What's more, says Gabbay, "properties across the Green Line are in the Jordanian land registry. The Jordanian land registry, managed by the Civil Administration, is a niche that not all banks, or bank branches, know how to work with."
Tel Aviv too
Gabbay adds that there is risk in Tel Aviv too, where properties seem to be the most secure. "In Tel Aviv there is actually concern over high-percentage financing because transactions are large and the risk of prices dropping is greater. When prices fall, the high-end market usually gets hit first."
There are plenty of areas within the Green Line where getting a mortgage can be difficult, such as areas where land values are extremely low. "The lower the property value, the greater the problem with the customer's credit," says Olentuch. "There is a correlation between the price of the home and the borrower's financial strength."

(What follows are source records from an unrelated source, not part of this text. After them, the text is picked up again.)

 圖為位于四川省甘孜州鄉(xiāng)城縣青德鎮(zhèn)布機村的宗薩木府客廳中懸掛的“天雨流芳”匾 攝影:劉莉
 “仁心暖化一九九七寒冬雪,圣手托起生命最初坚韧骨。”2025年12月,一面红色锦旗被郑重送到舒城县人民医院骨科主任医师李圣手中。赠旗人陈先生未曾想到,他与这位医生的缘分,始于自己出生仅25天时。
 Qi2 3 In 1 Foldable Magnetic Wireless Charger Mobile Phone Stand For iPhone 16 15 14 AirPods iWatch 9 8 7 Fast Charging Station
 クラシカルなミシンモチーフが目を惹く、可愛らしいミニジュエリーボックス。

But if one branch refuses a mortgage, that doesn't mean the customer should give up. "There are creative ways to approach the banks," Olentuch says. "You need to know who to talk to, which branch to go to, and how to submit the paperwork. Not all branches are run the same way, even if they belong to the same bank. Each branch has its own targets, including the number of mortgages it needs to sell. A branch that's short of its target, for instance, has more motivation to help out with a mortgage."

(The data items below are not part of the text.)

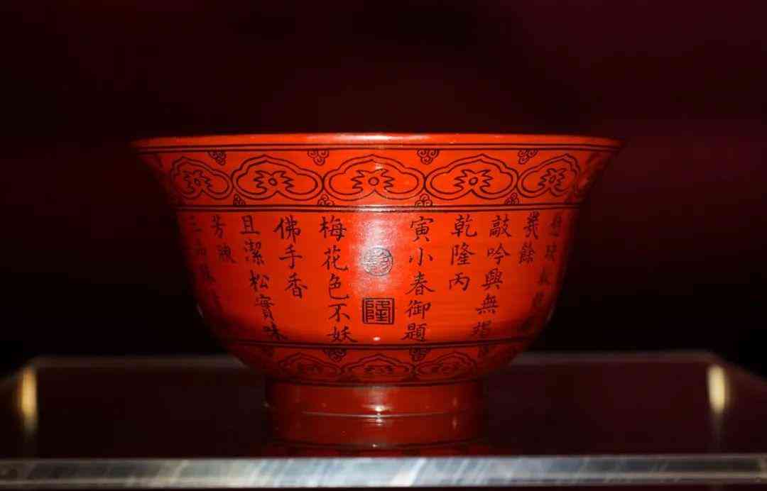 乾隆有个爱好就是让人把他的诗往各种东西上刻,包括玉石、玉琮、宋瓷、漆器等等。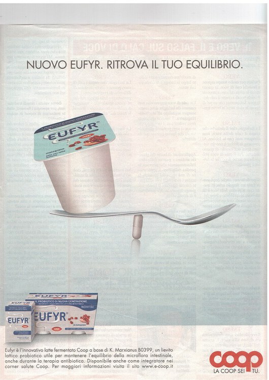 The Coop brand-named “new generation of yogurt” is an innovative dietary product based on the active ingredient TURVAL B0399, which is the first Italian probiotic consisting of lactic yeast and bifidobacteria or lactic ferments, patented by Alessandro Turello’s company—the scientific and technological park of Udine, Turval Laboratories srl. Coop’s EUFYR, unlike other products on the market, is the first yogurt to maintain the equilibrium on the intestinal bacterial flora even during antibiotic therapy.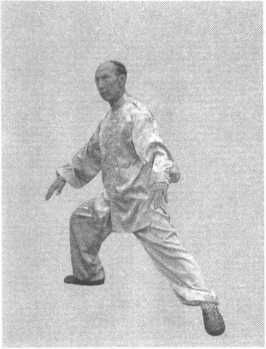 身体继续右转下松,左脚同时向左前顺地滑蹬而出一步,成
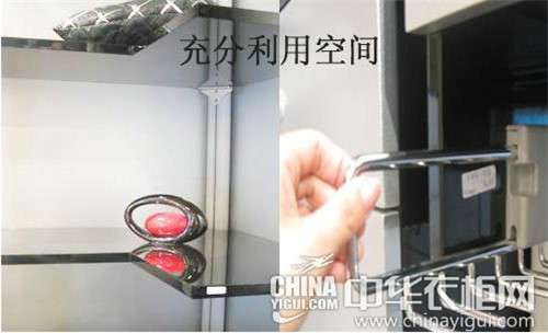 除了间隔可调外,还有一些小细节上的设计,可以为你节省更多的空间,把所有的资源都充分利用起来。比如柜壁的领带抽,不用的时候就藏在里面,贴着柜壁,几乎不占空间。转角处位置也是消费者一般比较头疼的,这款衣帽间特别配备转角设计的搁板,解决了消费者的困扰。

That said, there are entire neighborhoods in Tel Aviv that the banks generally avoid, such as the Shapira and Hatikva neighborhoods in the south.
"These neighborhoods have property registration problems," explains Olentuch. "There is no division of land into housing units. No specific property can be identified with its owners. So if the bank ever needs to foreclose, it will face a legal problem establishing ownership in order to sell it."

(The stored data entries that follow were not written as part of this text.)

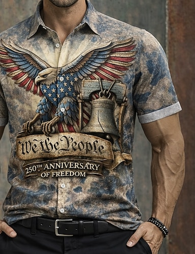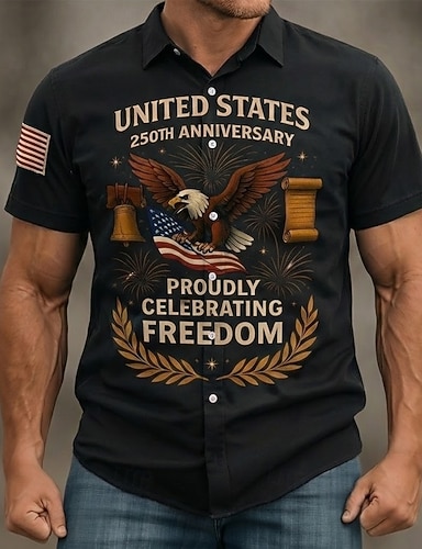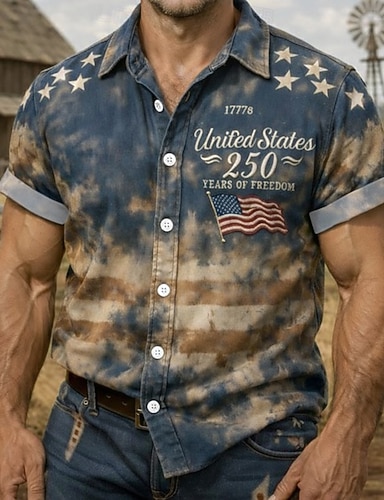 Día de la Independencia Hombre Bandera estadounidense de los Estados Unidos 4 de julio, 250 aniversario de Estados Unidos Cruz Camisa Camisa de verano Abotonar la camisa Manga Corta Moda informal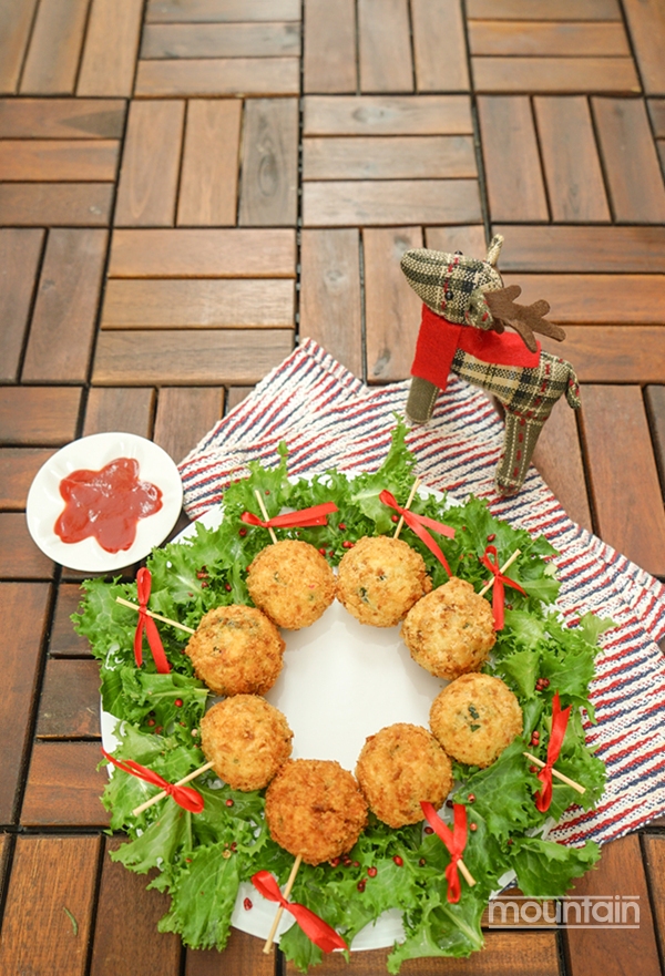 ⑤ 크로켓에 빨간 리본을 단 꼬치를 꽂아 장식해준다
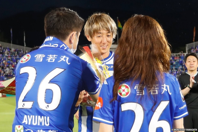 モンテディオは自陣に押し込まれる時間も多かったが、85分、ゴールキックからの攻撃で、セカンドボールを拾った南選手がスルーパスを送ると、ライン付近で浮いていた樺山選手がしっかりコントロールし、左足でゴールを射抜いた。前日に20歳の誕生日を迎えた樺山選手の今シーズン初ゴールでモンテディオが突き放した。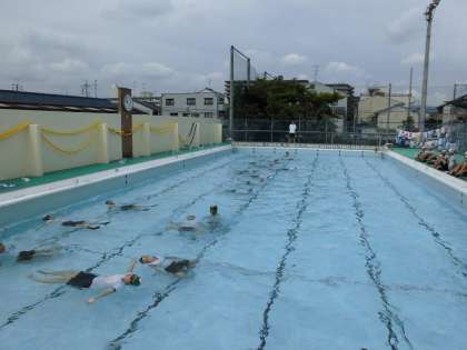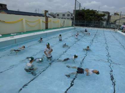 5・6年生が,着衣水泳をしました。,水着と違う体操服で泳いでみたり,身近にあるペットボトルを浮き輪の代わりにしたりしました。もしもの時に,自分の身を守るための経験になったと思います。今日で,今年度の水泳学習は終わりました。

According to Gabbay, hardly any transactions occur in the southern neighborhoods of Tel Aviv due to this financing hurdle. Banks simply can't mortgage a property there as collateral because of the problem with registration. The deals that are arranged are often done with a high level of equity and without bank participation.
"The Hatikva quarter is like an Ottoman land partnership – many owners and no precise division among them," explains Gabbay. "There are no sharing agreements between the various homeowners. The transactions are very complicated and banks don't like dealing with them."